Robert Stake (2005) distingue essencialmente dois tipos de estudo de caso em função do interesse que eles possam assumir para o que se está a investigar. O interesse por um caso pode ser intrínseco ou instrumental e, dentro deste último, pode haver necessidade de envolver mais do que um caso, designando-o então por estudo de caso múltiplo ou coletivo.

Um caso intrínseco é aquele cujo objeto de estudo tem interesse por si mesmo, tanto por aquilo que tem de particular como pelas suas características mais comuns. Em princípio, o caso não é

escolhido por representar outros casos, nem por representar uma particularidade ou problema exterior ao próprio caso. Ou seja, o princípio e o fim do estudo é o conhecimento daquele caso.

O estudo de um caso é instrumental se o objetivo principal for obter informação sobre um determinado problema, um fenómeno, ou até testar uma teoria. Ele pode ser escolhido por partilhar características comuns a outros casos, isto é, pela sua tipicidade, ou então, pelo contrário, funcionando como um contraexemplo. Ou seja, o caso é secundário; ainda que seja estudado em profundidade e detalhadamente exposto, ele funciona como um facilitador para compreender outro objeto de estudo que lhe é exterior. Neste sentido pode ser interessante ou mesmo necessário envolver vários casos para que, estudados em conjunto, permitam alcançar uma melhor compreensão do objeto sob investigação. São estes os estudos de casos múltiplos de acordo com Stake (2005). Estes casos podem ser escolhidos por partilharem características comuns, mas também por serem de algum modo diferentes.
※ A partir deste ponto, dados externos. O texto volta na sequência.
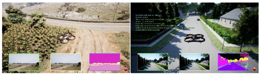 实验中使用真实数据和合成数据。真实数据包括三个最复杂的序列。合成数据包括两个场景,代表农村农场和城市区域,由我们从AirSim 开发的工具集生成,如图3所示。农村农场模拟了一个地形崎岖不平、植物种类繁多、农业设备齐全的农村环境。市区呈现出与汽车、树木和生活场所不同的平坦区域。

O critério de seleção tem a ver com o objeto em estudo, sempre no intuito de que esse conjunto de casos conduzam a uma melhor compreensão, ou até mesmo a uma teorização passível de ser alargada a um maior número de casos.

Robert Stake (2005) reconhece que classificações de outros autores não encaixam bem com esta que propõe. O mérito desta classificação é basear-se num critério funcional, ou seja, que responde à pergunta sobre a finalidade essencial do estudo de caso.

O estudo que se apresenta nesta dissertação serve-se de quatro casos para mostrar os processos de formulação de problemas, a forma como alunos de 3.º e 4.º ano mobilizam o conhecimento matemático associado à multiplicação e divisão na realização deste tipo de atividade. Trata-se portanto, de acordo com Stake (2005), de um estudo instrumental de casos múltiplos.

Os casos foram selecionados por meio de critérios12 que podem sustentar alguma

representatividade dos alunos daquele nível de escolaridade quanto ao seu desempenho geral nas tarefas escolares relativas à matemática, e o objetivo não é comparar os resultados obtidos em cada caso, mas reunir os dados obtidos em todos eles para compreender o objeto em estudo, observando as diferenças e as semelhanças.

O estudo desenvolveu-se através da resolução de tarefas de formulação de problemas, de um determinado tipo definido na literatura (ver na pág. 10), realizadas em entrevistas em profundidade feitas individualmente a cada participante. São cinco entrevistas (uma delas dividida em três partes) a quatro participantes, Quatro das entrevistas partem da resolução de uma tarefa.

A resolução de cada tarefa de formulação de problemas é o eixo em torno do qual gravitam todos os dados recolhidos, a sua interpretação e a exposição nesta dissertação.

Das quatro entrevistas em profundidade com tarefas definidas à partida, em duas delas era preciso inventar um contexto e uma questão para uma expressão de cálculo fornecida como estímulo; nas outras duas tarefas foi fornecido um contexto próximo da realidade, descrito em palavras, sendo necessário ao aluno formular perguntas que relacionassem os dados fornecidos, constituindo assim um problema que seria também resolvido pelo autor.

Foram também obtidos dados por meio de observação participante das aulas para, essencialmente, conhecer os conceitos processos desenvolvidos em aula no que respeita à multiplicação e divisão, o modo de participação dos alunos e o tipo de atividade realizadas. Estes dados permitiram enquadrar os processos manifestados pelos participantes nas entrevistas em torno da resolução das tarefas. Por exemplo, verificou-se que a mobilização de determinados teoremas- em-ação referidos por Vergnaud (e.g. 1983, 1988) na resolução das tarefas feitas nas entrevistas estava em concordância com o que os alunos utilizavam em aula.